[ale] When I was young
Scott Castaline
skotchman at gmail.com
Wed Aug 18 17:12:55 EDT 2010
On 08/18/2010 04:04 PM, Greg Freemyer wrote:
> All those computers came with an enclosure! How can you call yourself
> an early adopter?
>
> I got my first computer by getting the plans to a radioshack color
> computer and then buying parts from Delta Electronics on Buford
> Highway. (There also used to be an electronic store across the street
> from Delta where I bought parts, but I don't recall the name.)
>
> I bread boarded the whole thing the winter/spring of '80, but I never
> got it to run. :( But it was just a fun project to try and build it
> anyway.
This reminds me of my experiment in the early 60's, it wasn't a computer
obviously, but my father had bought a new HiFi Stereo Amp by Bose.

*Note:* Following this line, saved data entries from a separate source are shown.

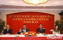 澳門特別行政區(qū)第二任行政長官候選人何厚鏵,十九日在濠景酒店與澳門旅游及飲食界代表舉行座談會,聽取業(yè)界人士在經營旅游及飲食業(yè)中存在的問題及意見。作者:梁永強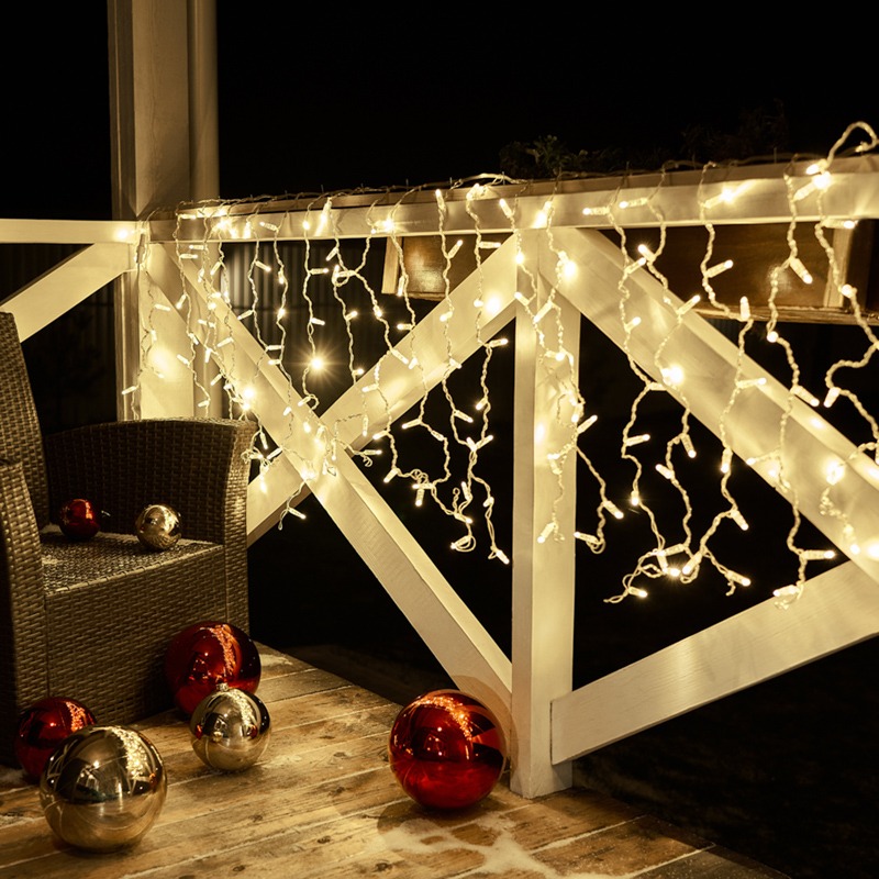 Гирлянда светодиодная Занавес (Дождь), 2х0,8м, 160 LED ТЕПЛЫЙ БЕЛЫЙ, прозрачный ПВХ, IP65, эффект мерцания, 230В, соединяется (нужен шнур питания 303-500-1)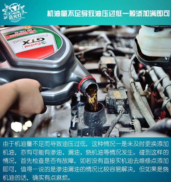 解决方法:由于机油量不足而导致油压过低,这种情况一是未及时更换添加机油,亦有可能有渗油、漏油、烧机油等情况发生。碰到这样的情况,首先检查是否有故障,如若没有直接买机油去维修点添加即可,值得一说的是渗油漏油的情况比较容易解决,但如果是烧机油的话,确实有点麻烦。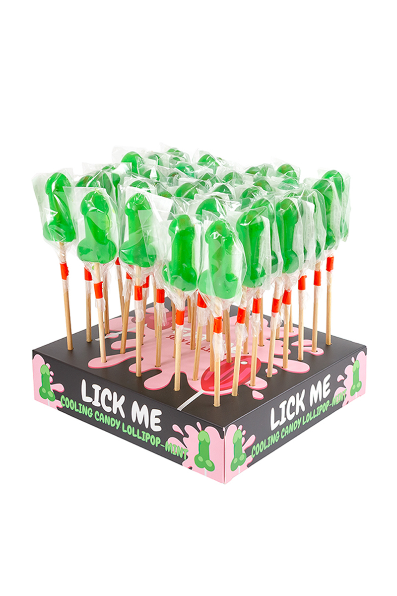 La sucette pénis "Lick Me" parfum menthe avec effet rafraichissant en format de fête : 40 sucettes vertes en forme de pénis sur un présentoir fun et attractif.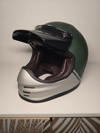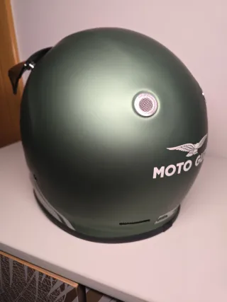 Casco integral para moto de la marca Guzzi, talla M. Diseño moderno y seguro. - Color verde y plateado. - Visera negra. - Interior cómodo.

It
was when schematics were included and it got my curiosity going. There
was a TV/Electronics shop down the street from my father's office, so
one day he took me there and the owner spent some time explaining the
meaning of the symbols in the schematics as well as interpreting values
and how changing values impacted in sound/performance of the amp. He had
all of the tubes as wells a slew of resistors, capacitors and inductors
that I needed to build my own. He had also had a metal chassis for tubes
that I was able to utilize. It took a while I don't remember how long
but finally got it built. Forgot to mention that he also had the pots
that I need for bal. bass, treble, mid-range and vol. He had also
allowed me to build it at his shop, (he was a friend or patient of my
father) so when done I bought it home, my mother took one look and
thought it was something from some bad SciFi Horror movie. I hooked up
my father's turntable and speakers to it and it played well for about 30
min. The sound was comparable to the Bose, my father thought the bass
was better. After 30 min. we started to smell something burning and
found that some of the wiring under the tubes were actually smoldering.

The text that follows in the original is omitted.